The extra space usage is constant because only a few tracking variables are maintained. The result list is not counted toward auxiliary space complexity because it is required for the output.
Test Cases
sol = Solution()
# Provided examples
assert sol.largeGroupPositions("abbxxxxzzy") == [[3, 6]] # one large group
assert sol.largeGroupPositions("abc") == [] # no large groups
assert sol.largeGroupPositions("abcdddeeeeaabbbcd") == [[3, 5], [6, 9], [12, 14]] # multiple groups
# Boundary cases
assert sol.largeGroupPositions("a") == [] # single character
assert sol.largeGroupPositions("aa") == [] # group smaller than 3
assert sol.largeGroupPositions("aaa") == [[0, 2]] # exact size 3
# Entire string is one large group
assert sol.largeGroupPositions("aaaaa") == [[0, 4]] # whole string
# Large group at beginning
assert sol.largeGroupPositions("aaab") == [[0, 2]] # prefix group
# Large group at end
assert sol.largeGroupPositions("baaa") == [[1, 3]] # suffix group
# Multiple adjacent groups
assert sol.largeGroupPositions("aaabbbccc") == [[0, 2], [3, 5], [6, 8]] # several groups
# Mixed group sizes
assert sol.largeGroupPositions("aabbbccdddd") == [[2, 4], [7, 10]] # mixed valid and invalid groups
# No repeated characters
assert sol.largeGroupPositions("abcdef") == [] # all single-character groups
| Test | Why |
|---|---|
"abbxxxxzzy" |
Validates a single large group |
"abc" |
Ensures no false positives |
"abcdddeeeeaabbbcd" |
Tests multiple large groups |
"a" |
Smallest input size |
"aa" |
Group size below threshold |
"aaa" |
Exact threshold case |
"aaaaa" |
Entire string is one group |
"aaab" |
Large group at start |
"baaa" |
Large group at end |
"aaabbbccc" |
Consecutive large groups |
"aabbbccdddd" |
Mixed group sizes |
"abcdef" |
No repeated characters |
Edge Cases
Entire String Is One Large Group
A common source of bugs occurs when the entire string contains the same character, such as "aaaaa". Since no character change ever occurs, a naive implementation might forget to process the final group. This implementation handles that correctly with an explicit post-loop check, producing [[0,4]].

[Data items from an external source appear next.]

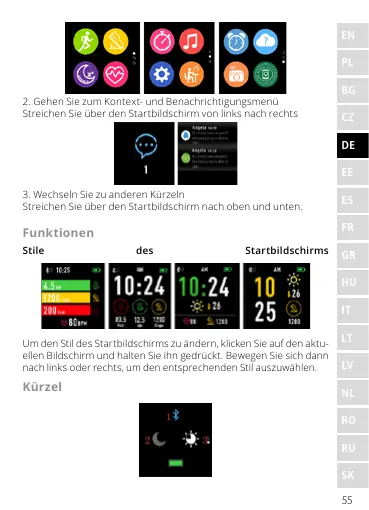 Streichen Sie über den Startbildschirm nach oben und unten.
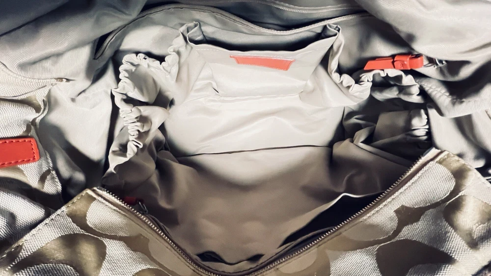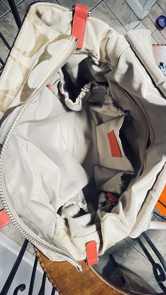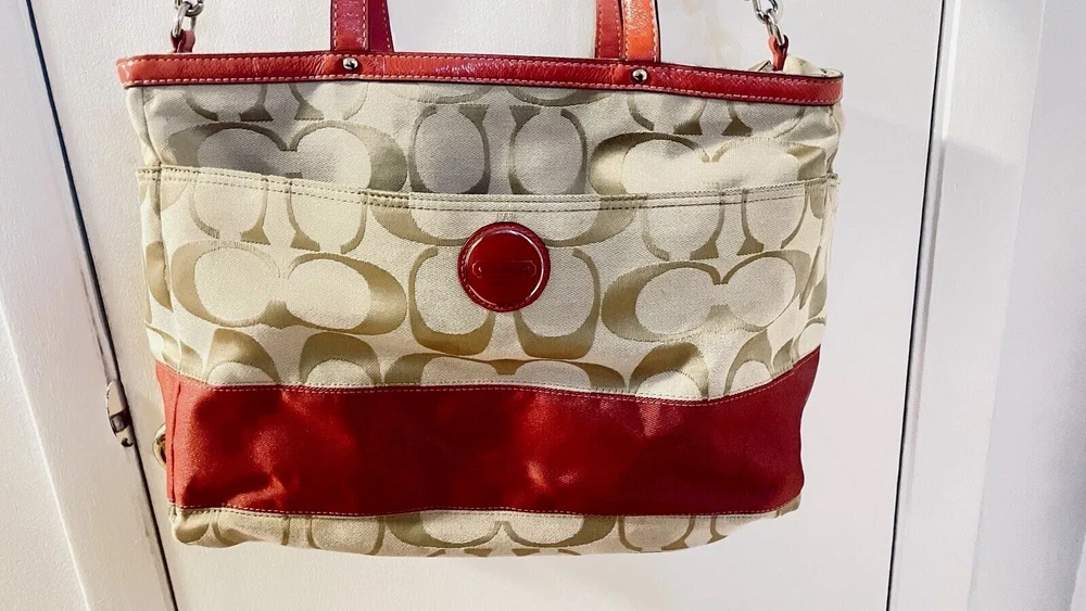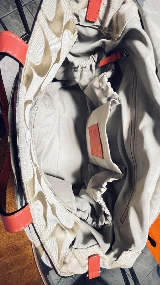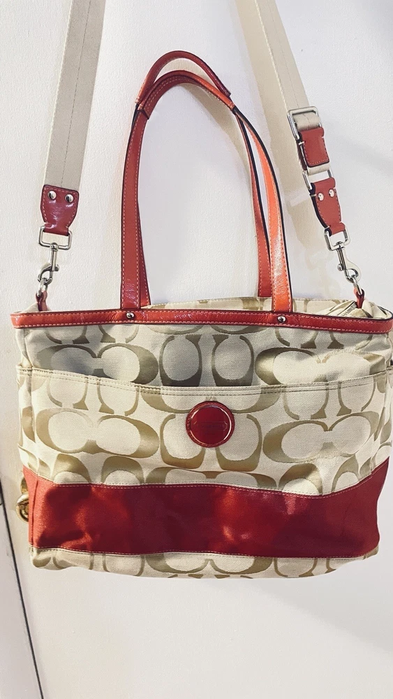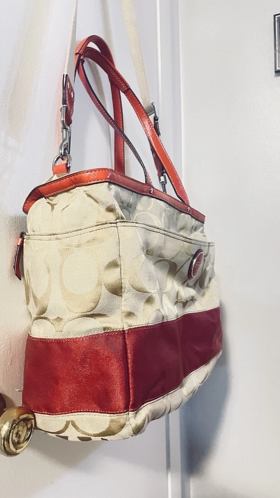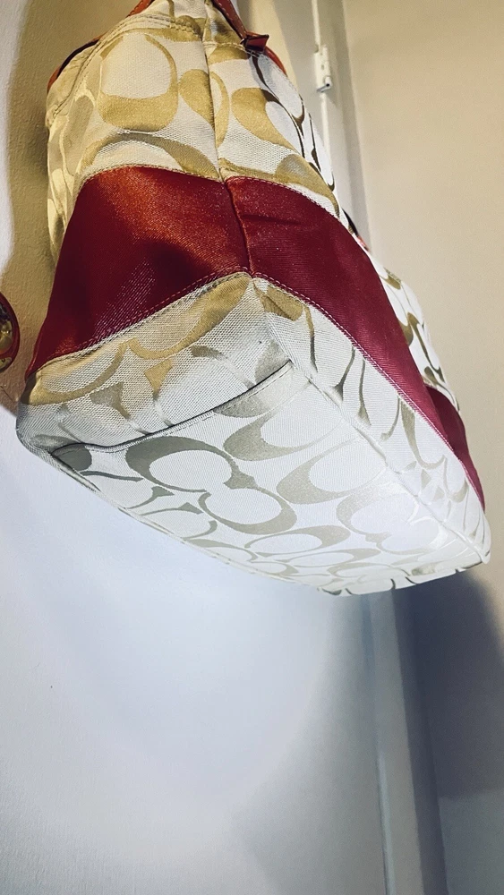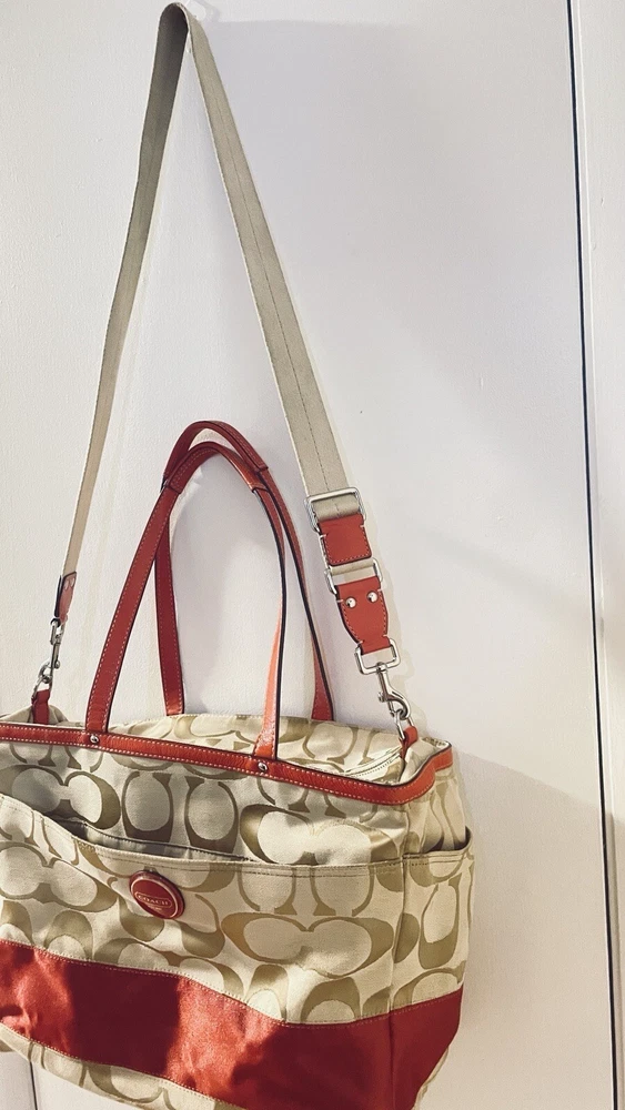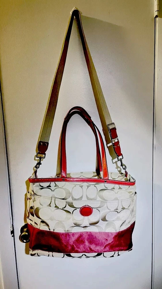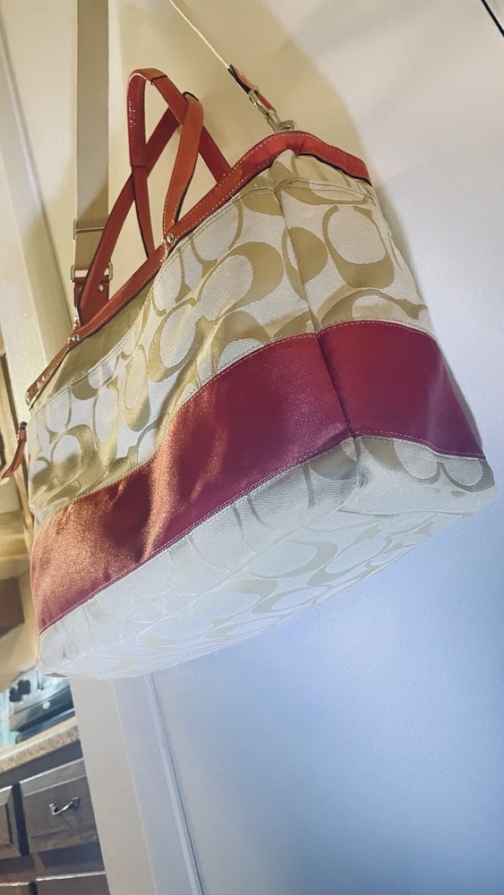Like New and Excellent Condition! Coach Sateen shoulder bag is a stylish and versatile accessory for any woman. With a bright pink exterior and ivory lining, it features a zip closure and double handles with an 8-inch drop. The bag has a large size of 18 inches in width, 12 inches in height, and 6 inches in depth, making it perfect for travel, casual outings, or business meetings. Very clean inside and out. Used one time. No stains rips or tears. The bag also has a vintage feel with a logo pattern and silver and gold hardware. It includes several features such as a bottle pocket, inner pockets, and an adjustable strap. The nylon lining material and satin exterior material ensure durability and elegance. This Coach Sateen shoulder bag is a must-have for any fashion-conscious woman.
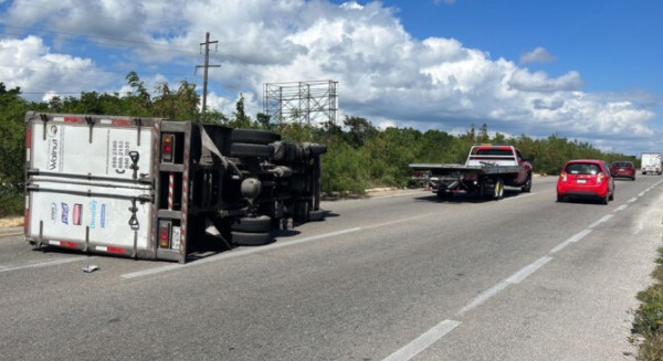 Playa del Carmen, Q. Roo, miércoles 03 de noviembre de 2021, poderycrítica.- Sólo daños dejó una aparatosa volcadura de un camión de carga, cuyo conductor perdió el control de la unidad, debido al exceso de velocidad en que circulaba.

Large Group at the End of the String
Cases like "baaa" are tricky because the last group does not naturally terminate through a character change. Without a final check, the group "aaa" could be missed entirely. The implementation explicitly evaluates the final segment after traversal to avoid this issue.
No Large Groups Exist
Inputs such as "abc" contain only groups of size 1. A careless implementation might accidentally include intervals due to incorrect comparison logic or off-by-one mistakes. This implementation only appends intervals when the group size is at least 3, ensuring an empty list is returned correctly.
Groups Exactly at the Threshold
A group of exactly length 3, such as "aaa", must count as large. Off-by-one errors often occur when using > instead of >=. This implementation explicitly checks >= 3, ensuring threshold cases are handled properly.